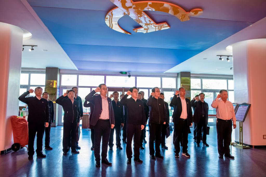 全体党员干部来到本色老党员红色群落展览馆,在讲解员的带领下,实地参观红色群落、本色之源、精神传承三个主展厅,通过历史图片、抗战文物、视频等资料,近距离了解老党员的英雄事迹。一个个故事,见证了老党员的峥嵘岁月和永葆本色的平淡生活,展现了他们“一心向党、公心为民、用心实干、清心律己、虚心传承”的本色精神,让大家深受震撼和感动。参观结束后,全体党员干部在展馆大厅重温入党誓词。
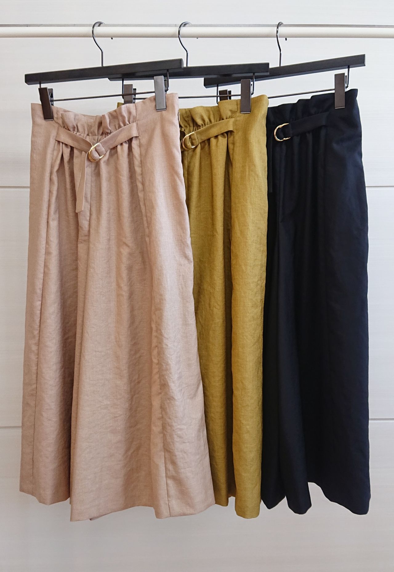 光沢感のあるポリエステル素材のガウチョパンツ。
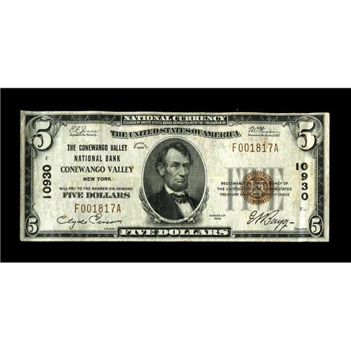 <B>Conewango Valley, NY</B></I> - $5 1929 Ty. 1 <B>The Conewango Valley NB</B></I> Ch. # 10930<BR>This Cattaraugus County issuer is extremely rare, with just four large examples previously reported. This is the discovery note from here for the 1929 series. Any estimate will be pure speculation, as an item of this rarity is worth whatever it takes to acquire. One thing, however, is quite certain, that when the hammer falls tonight, one New York collection will have its stature significantly increased by the addition by the addition of this rare note. Given small issue from here, it is doubtful that another example will surface during the lifetimes of the current generation of New York collectors. In addition to its rarity, this note is also quite attractive, grading an unchallenged <B>Very Fine,</B></I> with some justifiable claims to the next highest grade.<BR><BR><b>Shipping:</b> Coin/Currency (<a target="_blank" href="http://www.heritageauctions.com/common/shipping.php">view shipping information</a>)
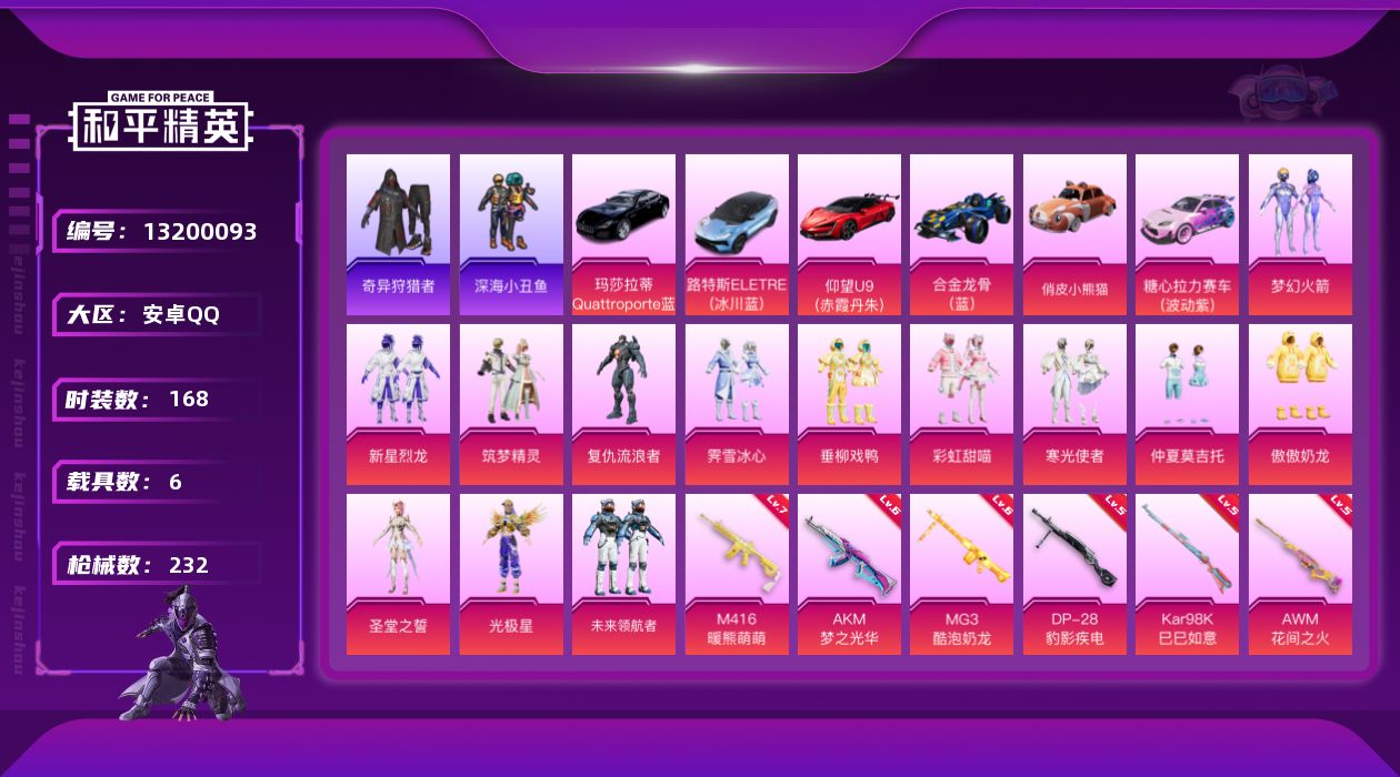 [13200093]安卓 手Q-13粉装-10特效枪-6载具-9粉色飞行器-91051热力值-10王牌印记-168套装-232枪皮 【热门品类】:粉装-梦幻火箭,套装-深海小丑鱼,套装-小丑鱼,套装-奇异狩猎者,角色-军刀雅典娜,套装-龟仙人,套装-暗影哥特,套装-粉红小猪 【粉色载具】:路特斯ELETRE(冰川蓝),玛莎拉蒂Quattroporte(夜幕蓝),仰望U9(赤霞丹朱),合金龙骨(蓝),俏皮小熊猫,糖心拉力赛车(波动紫),僚机-萌兔起飞 【粉色套装】:粉装-梦幻火箭,粉装-新星烈龙,粉装-筑梦精灵,角色-复仇流浪者,粉装-霁雪冰心,粉装-垂柳戏鸭,粉装-彩虹甜喵,粉装-寒光使者,粉装-仲夏莫吉托,粉装-傲傲奶龙,角色-圣堂之誓,角色-光极星,粉装-未来领航者 【粉色枪皮等级】:AKM-梦之光华(六级),M16A4-垂柳戏鸭(四级),SCAR-L-青春物语(四级),M416-暖熊萌萌(七级),Vector-环太平洋(四级),Kar98K-巳巳如意(五级),AWM-花间之火(五级),M249-彩虹甜喵(五级),DP-28-豹影疾电(五级),MG3-酷泡奶龙(六级) 【粉色枪皮】:AKM-梦之光华,M16A4-垂柳戏鸭,SCAR-L-青春物语,M416-暖熊萌萌,Vector-环太平洋,Kar98K-巳巳如意,AWM-花间之火,M249-彩虹甜喵,DP-28-豹影疾电,MG3-酷泡奶龙 【粉色飞行器】:梦幻火箭飞行器,齐天大圣飞行器,天之羽翼飞行器,甜梦小狐飞行器,星夜魔法师飞行翼,闪光银龙飞行器,暖熊萌萌飞行器,璀璨巨星飞行器,萌物绒绒飞行器 【粉色降落伞】:梦幻火箭降落伞,香水柠檬降落伞,甜梦小狐降落伞,环太平洋降落伞,暖熊萌萌降落伞,垂柳戏鸭降落伞,彩虹甜喵降落伞,旋转彩虹降落伞,青空秋雨降落伞,海螺星光降落伞,第五大道降落伞,炎氏战神降落伞,闲梦青缨降落伞,猪猪侠降落伞,金丰海韵降落伞,喜羊羊与灰太狼降落伞 【稀有套装】:套装-龟仙人,套装-巳巳如意,角色-米开朗基罗,角色-灵公主 【稀有枪皮】:AKM-墨染幽兰,AKM-夜灯,AKM-彩虹符号,AKM-王牌投手,AKM-环太平洋,AKM-生命誓言,AKM-破晓战魂,AKM-缤纷海域,AKM-虎虎生威,AKM-霓虹街区,AKM-龙的传人,M16A4-幻世战舞者,M16A4-甜心亚梦,M16A4-红色方程式,SCAR-L-
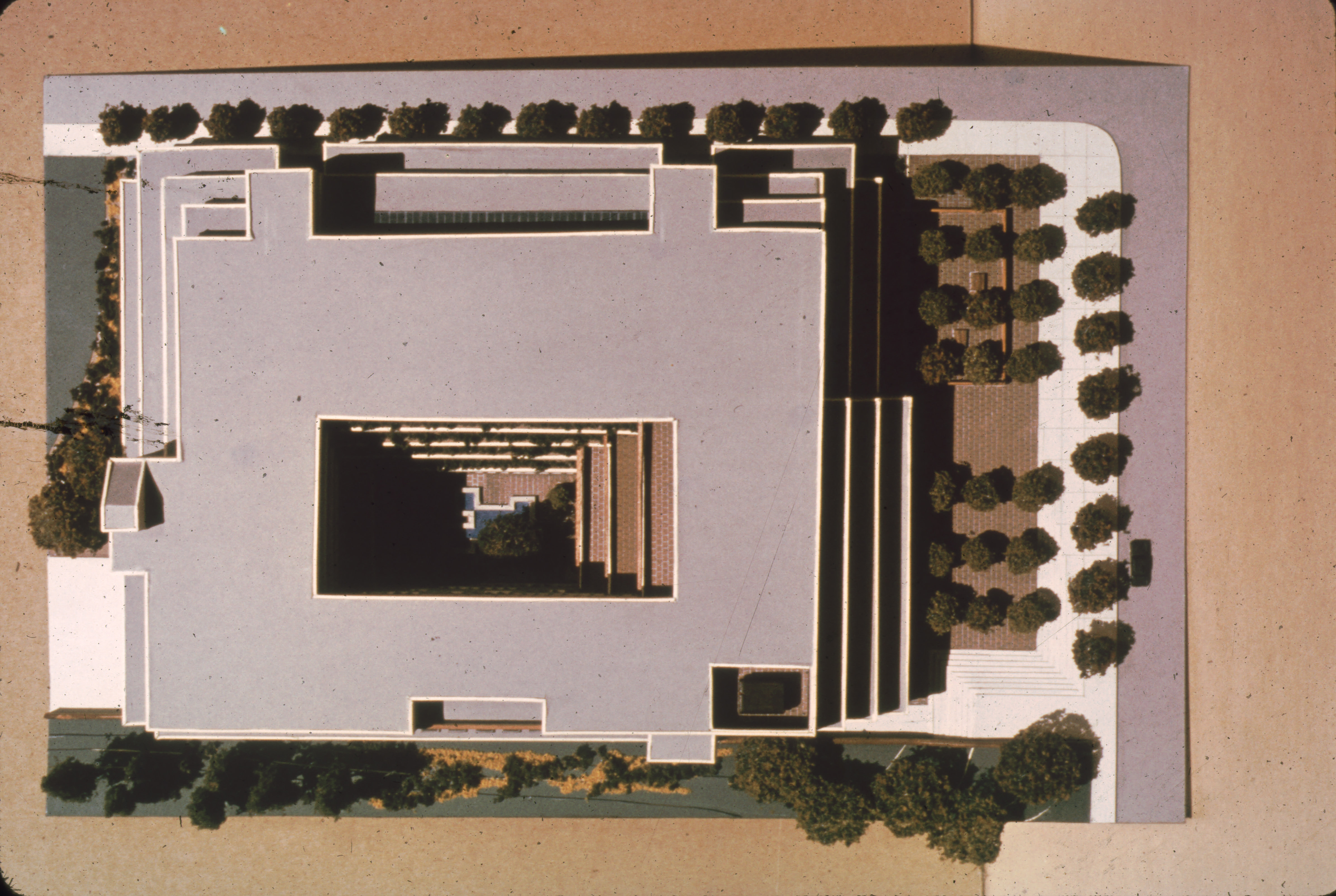 [Top-down view of Kennedy Library architectural model]

+-------+

## Directions for this task
Could the lines from the top of the material through the line with "光沢感のあるポリエステル素材のガウチョパンツ。" be repeated exactly, pictures left out?

## Task result
 全体党员干部来到本色老党员红色群落展览馆,在讲解员的带领下,实地参观红色群落、本色之源、精神传承三个主展厅,通过历史图片、抗战文物、视频等资料,近距离了解老党员的英雄事迹。一个个故事,见证了老党员的峥嵘岁月和永葆本色的平淡生活,展现了他们“一心向党、公心为民、用心实干、清心律己、虚心传承”的本色精神,让大家深受震撼和感动。参观结束后,全体党员干部在展馆大厅重温入党誓词。
 光沢感のあるポリエステル素材のガウチョパンツ。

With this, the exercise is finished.